What makes him a good example is what xStats is telling us about him. His differential for batting average (BA-xBA) is -.059, slugging is -.163, and for Gonzalez’s wOBA is -.094. While these aren’t ludicrous disparities, it is also a little deceiving. Looking at what Gonzalez is doing in his (nearly) age 36 season, it’s hard to figure he should be hitting near .300 as he’s pulling so heavily through the first month of the season.
Here’s the interesting thing. Despite Gonzalez pulling nearly half of his batted balls, less than half of his plate appearances are facing a shift; 38 out of 81 plate appearances. So his xStats are relevant? Not exactly. What we don’t know is the on-base situation(s) that Gonzalez came to bat with. Runners on base cause defenses to all but abandon the shift on pull-hitters for a more strategical setup; you don’t want only one fielder to the right of second base with runners on as the likelihood of a successful steal to third is all but guaranteed.

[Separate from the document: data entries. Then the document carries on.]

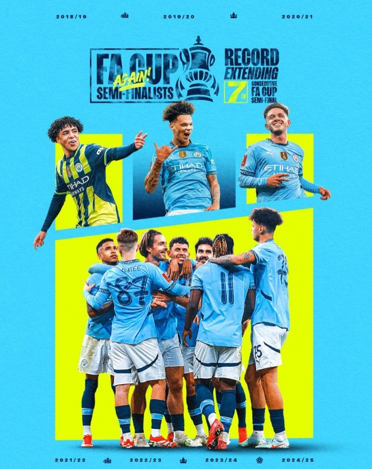 這也是曼城連續(xù)7個賽季打進足總杯半決賽,這也是賽事歷史首次有球隊能做到這一點。
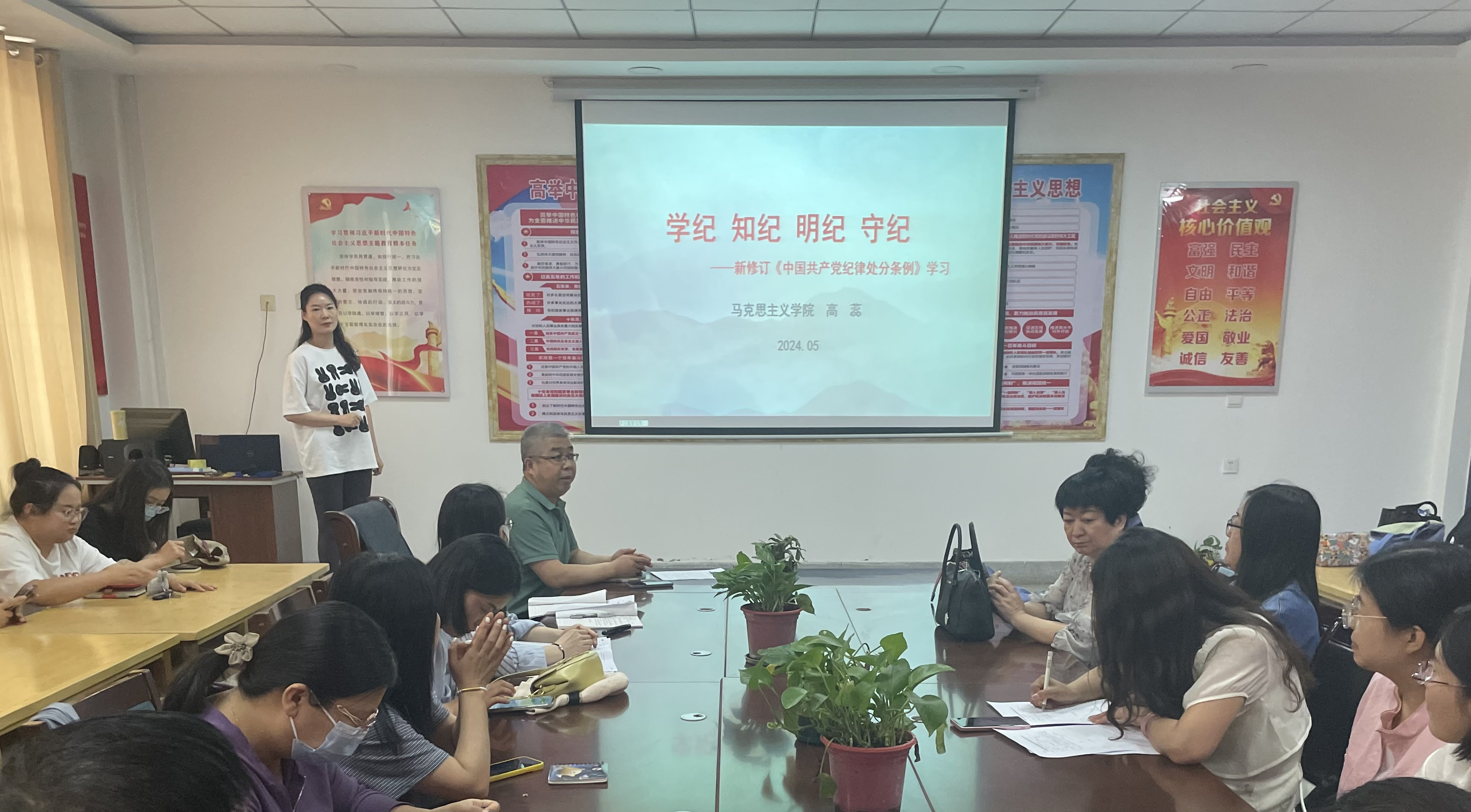 為扎實(shí)推動護(hù)理學(xué)院黨紀(jì)學(xué)習(xí)教育走深走實(shí),進(jìn)一步嚴(yán)明政治紀(jì)律和政治規(guī)矩,5月17日,學(xué)院邀請學(xué)校宣講組成員、馬克思主義學(xué)院副教授高蕊對《中國共產(chǎn)黨紀(jì)律處分條例》(以下簡稱《條例》)進(jìn)行專題宣講解讀,學(xué)院黨總支書記張建輝主持宣講活動,全體黨員干部參加。
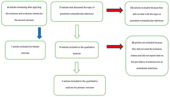 Previously, Zhang et al. included in 2015 10 studies on E. faecalis, analyzing a total of 927 teeth and concluded that such bacteria are more highly correlated with persistent intraradicular infections compared with untreated chronic periapical periodontitis []. Very recently, Manoli et al. published a systematic review including 26 studies that used new sequencing technologies aiming at redesigning a new map of the bacterial taxa associated with endodontic infections. Such review identified bacteria with a higher prevalence in infections but found no significant difference in the three groups analyzed (primary apical periodontitis, secondary apical periodontitis, and apical abscess) []. Such literature reviews, conducted over the past five years, have only marginally investigated the role of Actinomyces in persistent extraradicular infections. Only few of them focused on extraradicular bacterial biofilms, and only a few of these report data on the prevalence of Actinomyces in endodontic infections. This review differs from the previous ones because it focuses on the prevalence of bacteria of the genus Actinomyces in endodontic infections.
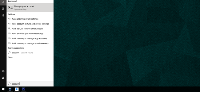 Se sua máquina Windows já estiver configurada, você pode adicionar uma nova conta com um novo endereço de e-mail para usar em vez de sua conta da Microsoft. Clique no botão Iniciar, digite “conta” e clique no resultado da pesquisa “Gerenciar sua conta”.
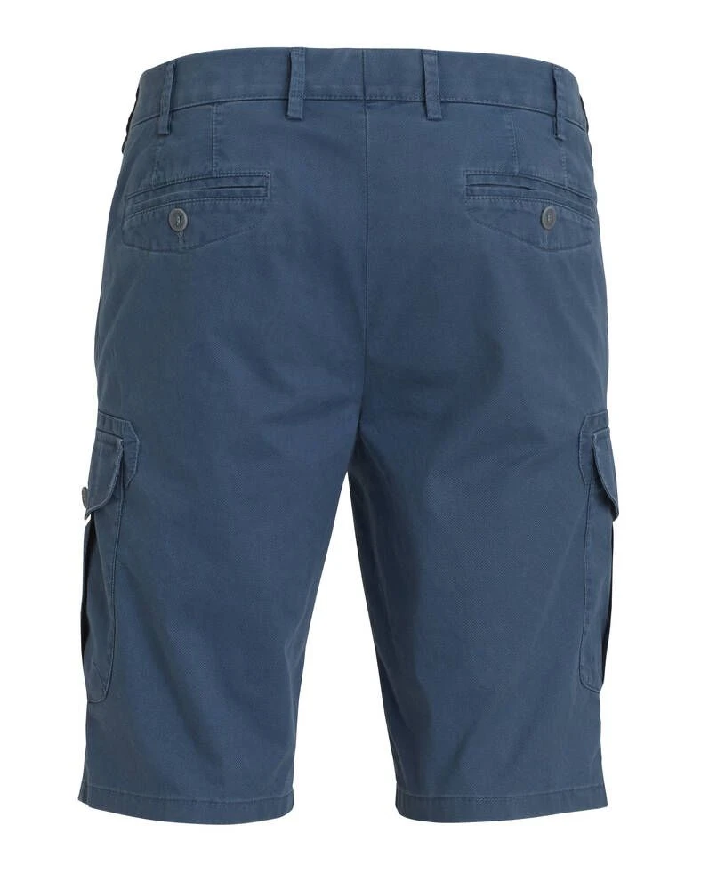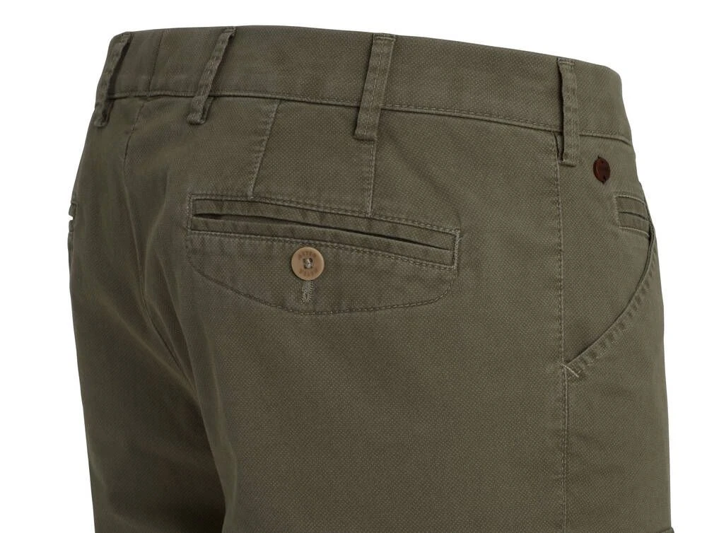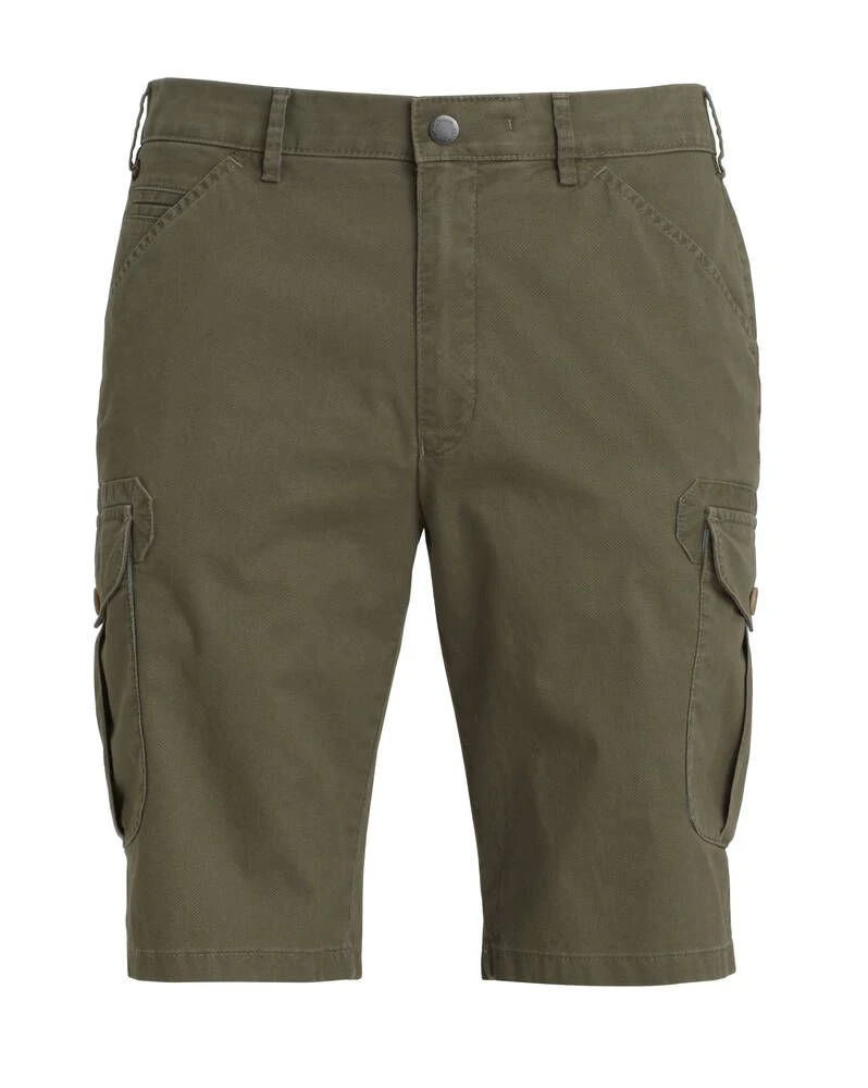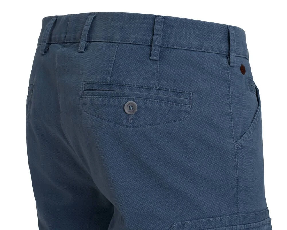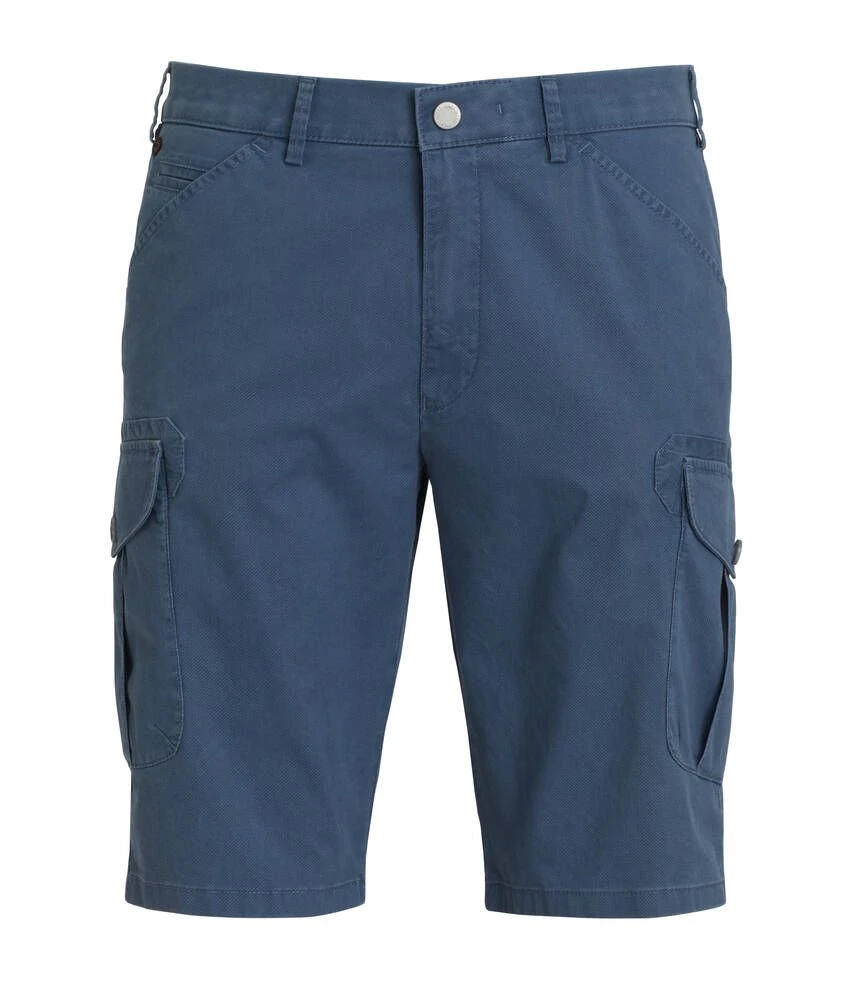 Miesten tyylikkäät reisitaskushortsit etu- ja takataskuilla. Mikroprinttisten shortsien toisen etutaskun sisäpuolella on vetoketjullinen turvatasku.
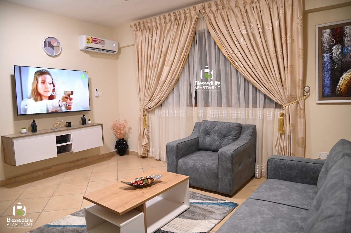 Spacious luxury 1-bedroom with modern kitchen, DSTV, Netflix, WiFi, secure parking, and standby power.
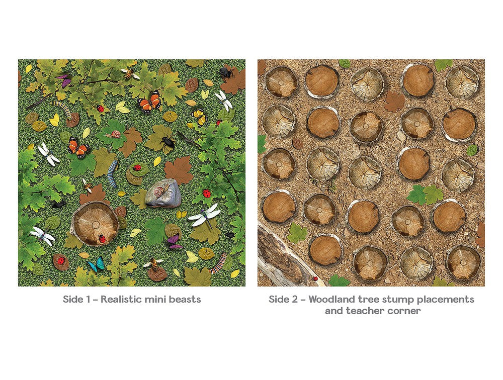 Double-Sided Design: Side 1 showcases tree stumps for placements or stepping stones, while Side 2 features a realistic minibeast print—a truly interchangeable and imaginative resource.
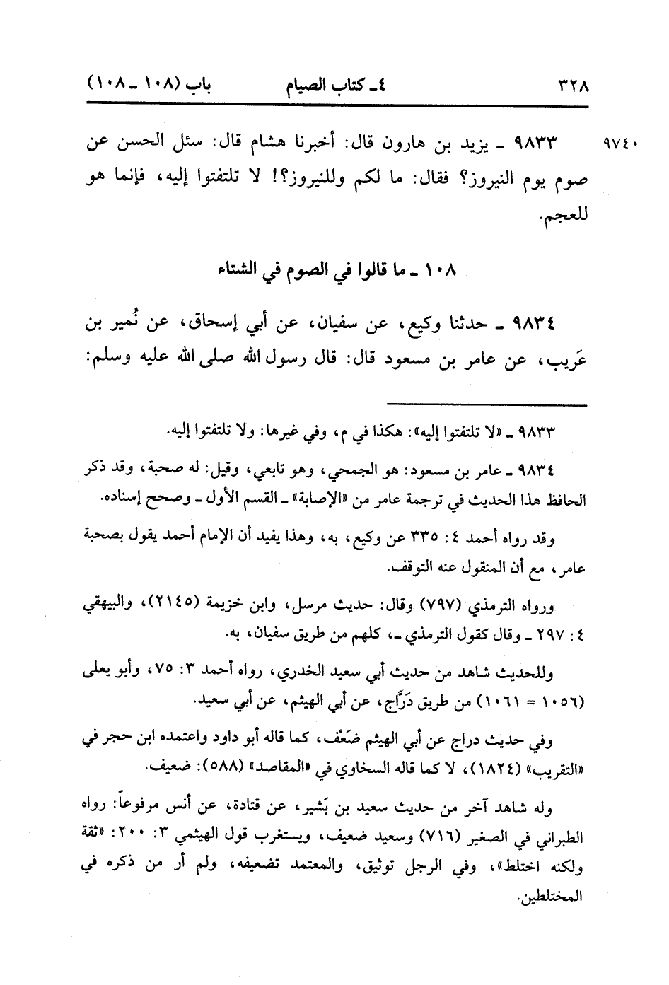 9834- حَدَّثَنَا وَكِيعٌ ، عَنْ سُفْيَانَ ، عَنْ أَبِي إِسْحَاقَ ، عَنْ نُمَيْرِ بن عَرِيبٍ ، عَنْ عَامِرِ بْنِ مَسْعُود ، قَالَ : قَالَ رَسُولُ اللهِ صَلَّى الله عَلَيْهِ وَسَلَّمَ : الصَّوْمُ فِي الشِّتَاءِ الْغَنِيمَةُ الْبَارِدَةُ. (3/100).
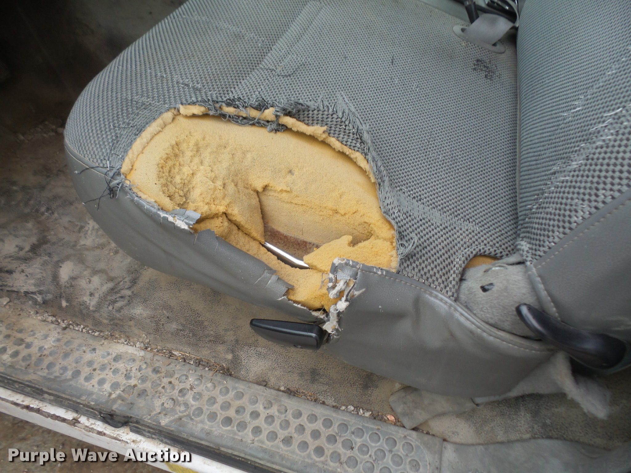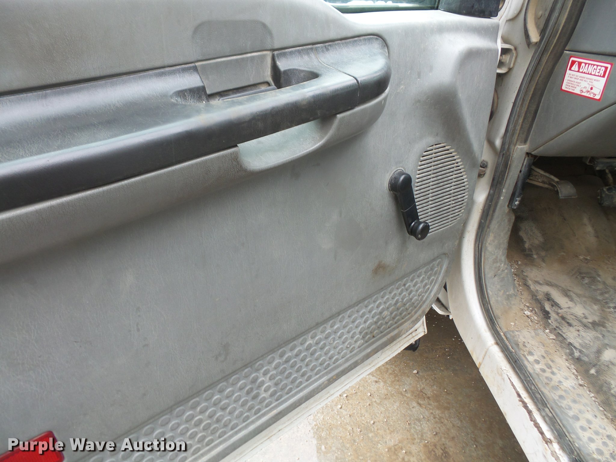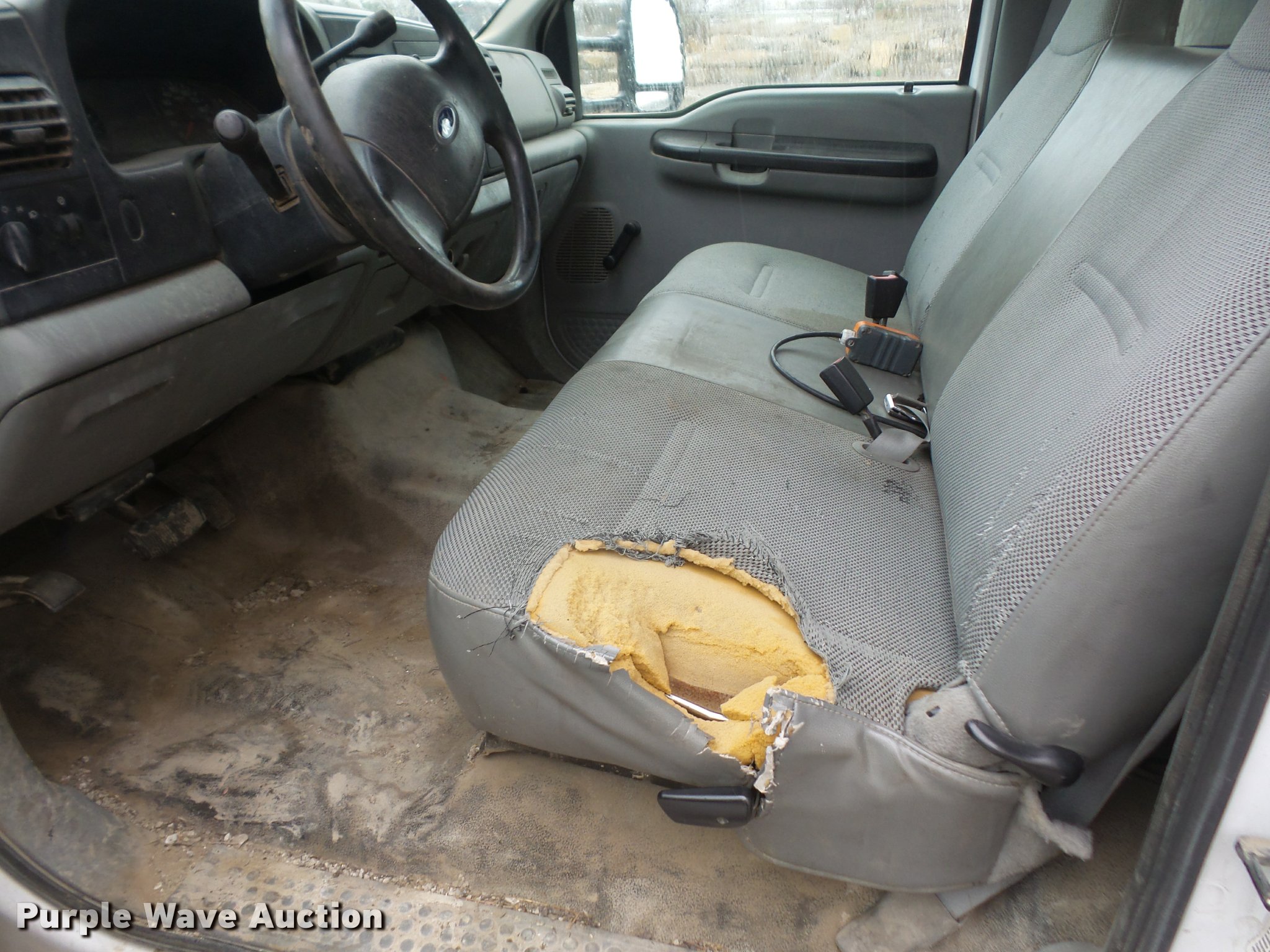 Purple Wave is selling a used Construction Dump Truck in Kansas. This item is a 2005 Ford F450 dump truck with the following: 174,347 miles on odometer, Navstar 6.0L V8 turbo diesel engine, Automatic transmission, Single axle, AC and heat, AM/FM, Steel dump bed, 11'L x 96"W, 13" side height, 23" side board height, Single ram hoist, Electric over hydraulic dump, Manual operated end gate, Roll tarp, Spring suspension, Hydraulic brakes, 225/70R19.5 tires, GVWR 16,000 lbs, Engine issues, Windshield cracked, Seat torn, Decals will be removed prior to auction
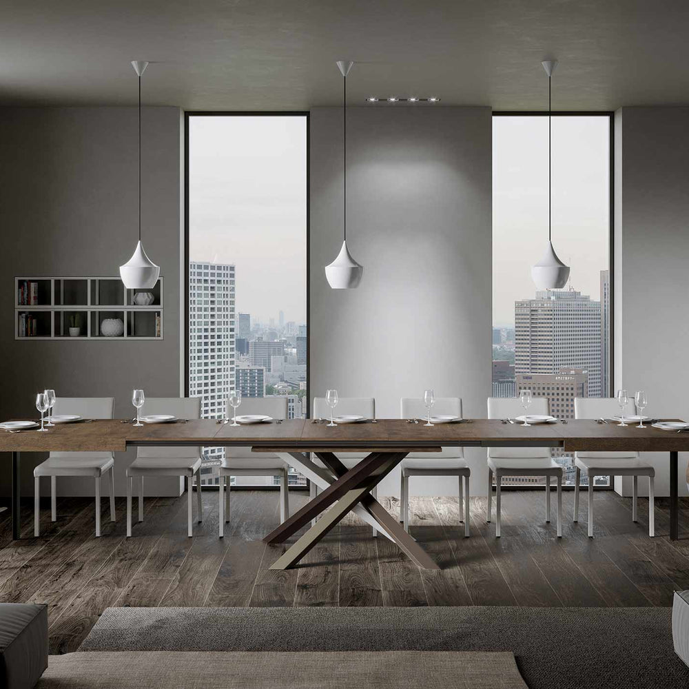 Tavolo allungabile Affi da 180 cm, dal design moderno dallo stile sofisticato, si adatta a qualsiasi stile di arredamento e si rivela la scelta ideale sia come tavolo da pranzo che come elemento d'arredo per il soggiorno, dove poter accogliere i propri ospiti con stile.Il tavolo allungabile Affi è in grado di estendersi progressivamente fino a 440 cm capace di ospitare 18 persone.Realizzato con pannelli in nobilitato, gambe in ferro, piano con lavorazione a Folding.Il sistema di estensione con guide telescopiche in alluminio e i sostegni laterali in dotazione rendono il tavolo stabile e robusto anche se totalmente allungato.Due allunghe sono alloggiate sotto il piano pronte all'utilizzo mentre le rimanenti tre vanno riposte altrove.Made in ItalyDimensioni:Tavolo chiuso: L.180 P.90 H.77 cmLunghezza con 1 allunga: 232 cmLunghezza con 2 allunghe: 284 cmLunghezza con 3 allunghe: 336 cmLunghezza con 4 allunghe: 388 cmLunghezza con 5 allunghe: 440 cm
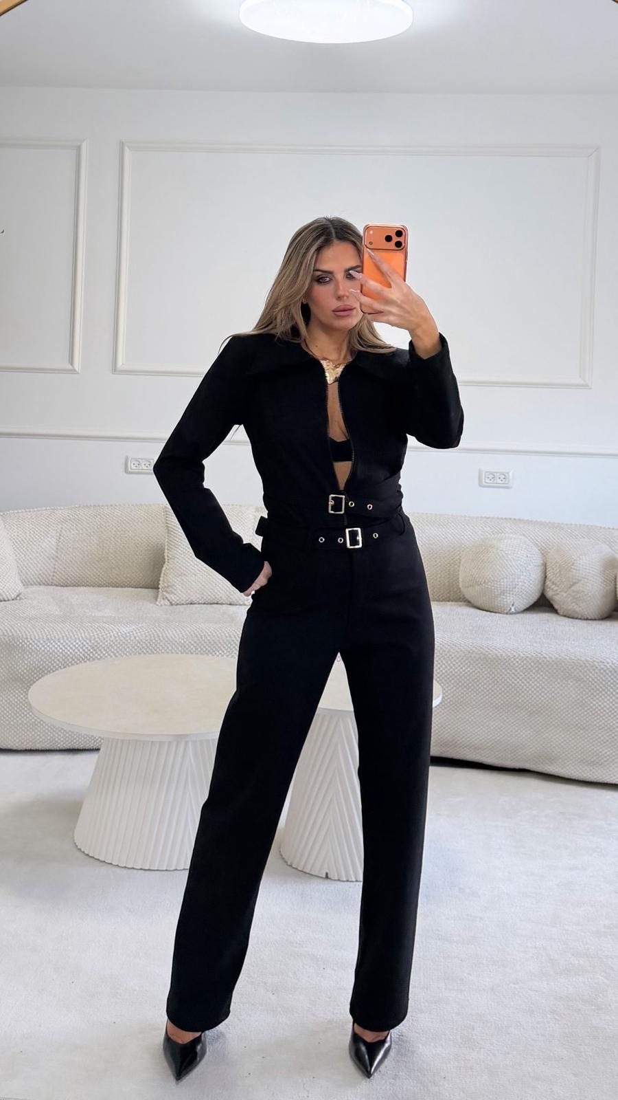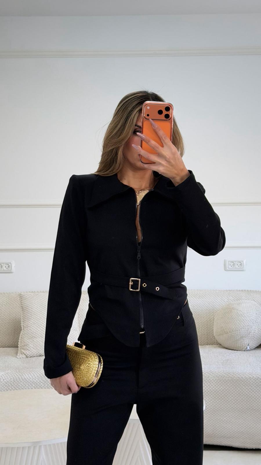 ג'קט חולצה מבד לייקרה עבה מחטב רכיסת רוכסן מלפנים וצווארון בשילוב חגורה תואמת מידה: וואן סייז

xStats rely on an average defense; no shifts, no weighing defensive prowess at any particular position to make successful hits to that location less likely. You have to take care before you can project a hitter to be underperforming without first looking into the hitters batted ball data. Players with higher pull rates (40%+) are the exception to the ‘rule’ of xStats.
The simple plots you show of Avg and babip against pull% indicate quite a strong relationship. The R^2 of .22 indicates that in this data, 22% of the variance in babip is directly attributable to pull% (in the simple linear regression). That’s HUGE given that babip has a lot of intrinsic variability and other factors like hard hit% likely matter as well. The R^2 for Avg is also not small at all given the number of factors that likely relate to Avg. Looking at your plot, extreme pull hitters should expect to hit like 30 pts worse than average and 50+ pts worse than someone on the low end of pull percentage. I think you undersell the amount of impact there.
Also, when you subset the data, you have some issues with high leverage points in your regression. If your curious to look for changes in the relationship over different regions, a nonlinear regression like a local weighted smoother would be more informative.